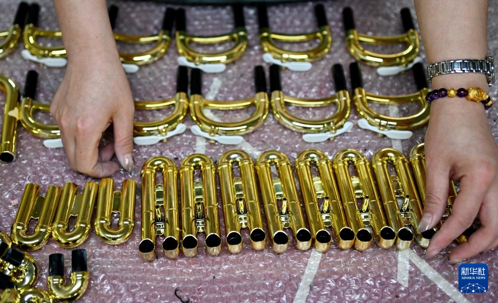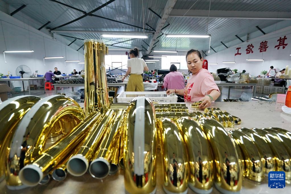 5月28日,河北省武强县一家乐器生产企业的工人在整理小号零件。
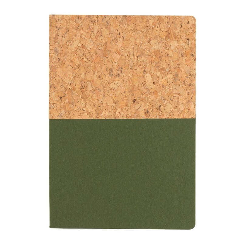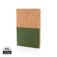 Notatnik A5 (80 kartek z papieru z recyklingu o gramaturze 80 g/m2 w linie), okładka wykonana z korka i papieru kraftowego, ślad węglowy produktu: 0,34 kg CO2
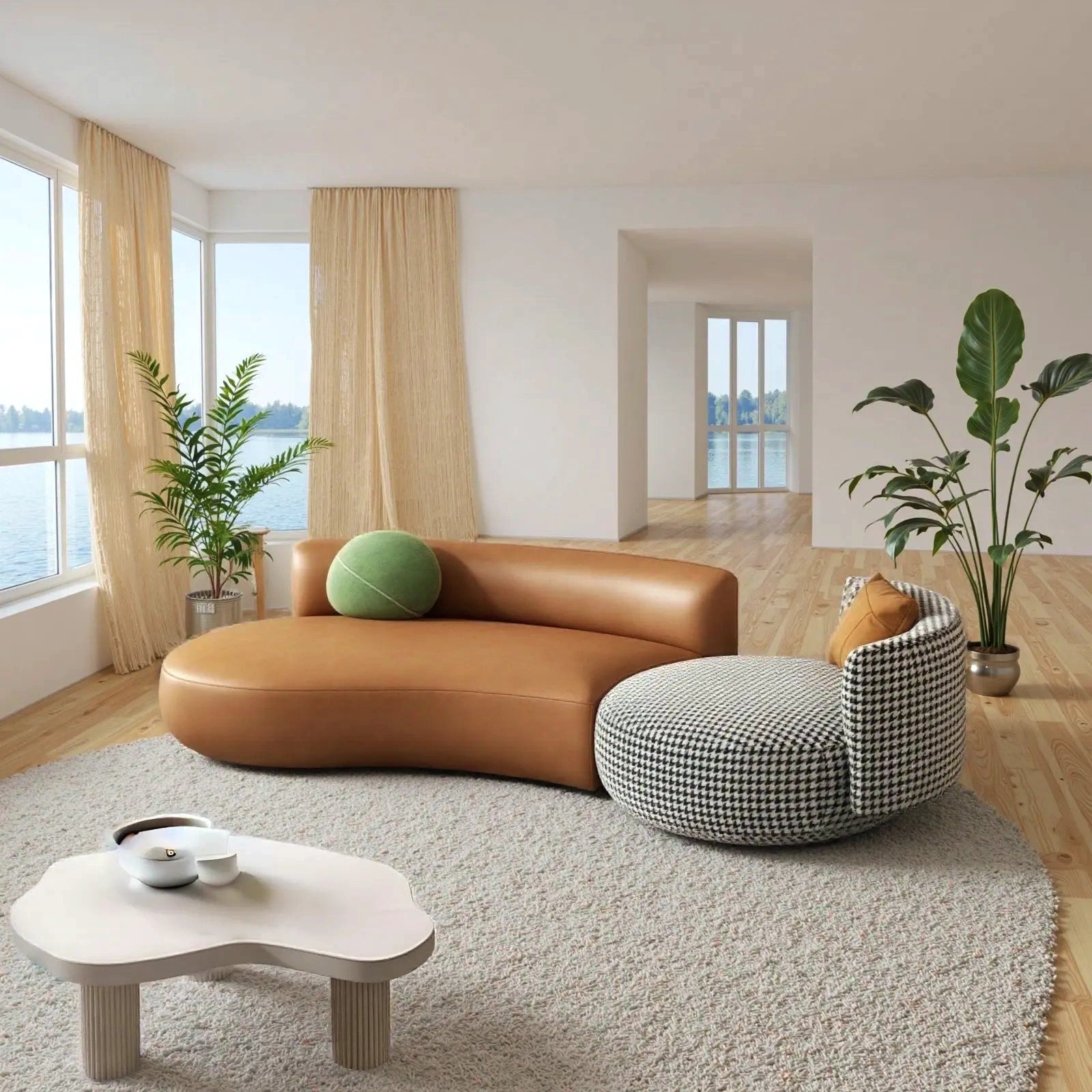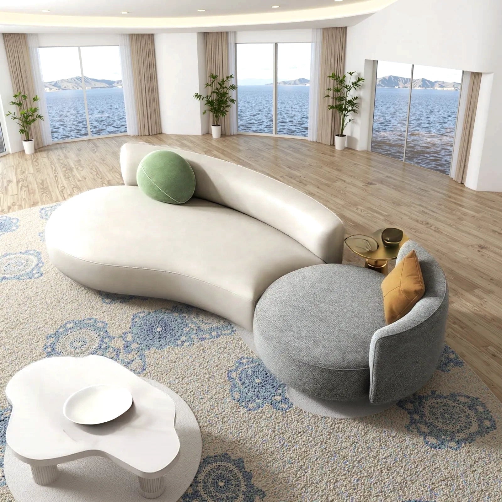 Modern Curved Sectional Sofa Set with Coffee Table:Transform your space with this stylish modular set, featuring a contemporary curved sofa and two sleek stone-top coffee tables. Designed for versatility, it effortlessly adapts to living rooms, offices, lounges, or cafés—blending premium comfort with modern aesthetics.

• _EXERCISE INSTRUCTIONS_
Could the material above be given again in full and exactly, with its pictures left out?

• _ANSWER SECTION_
 5月28日,河北省武强县一家乐器生产企业的工人在整理小号零件。
 Notatnik A5 (80 kartek z papieru z recyklingu o gramaturze 80 g/m2 w linie), okładka wykonana z korka i papieru kraftowego, ślad węglowy produktu: 0,34 kg CO2
 Modern Curved Sectional Sofa Set with Coffee Table:Transform your space with this stylish modular set, featuring a contemporary curved sofa and two sleek stone-top coffee tables. Designed for versatility, it effortlessly adapts to living rooms, offices, lounges, or cafés—blending premium comfort with modern aesthetics.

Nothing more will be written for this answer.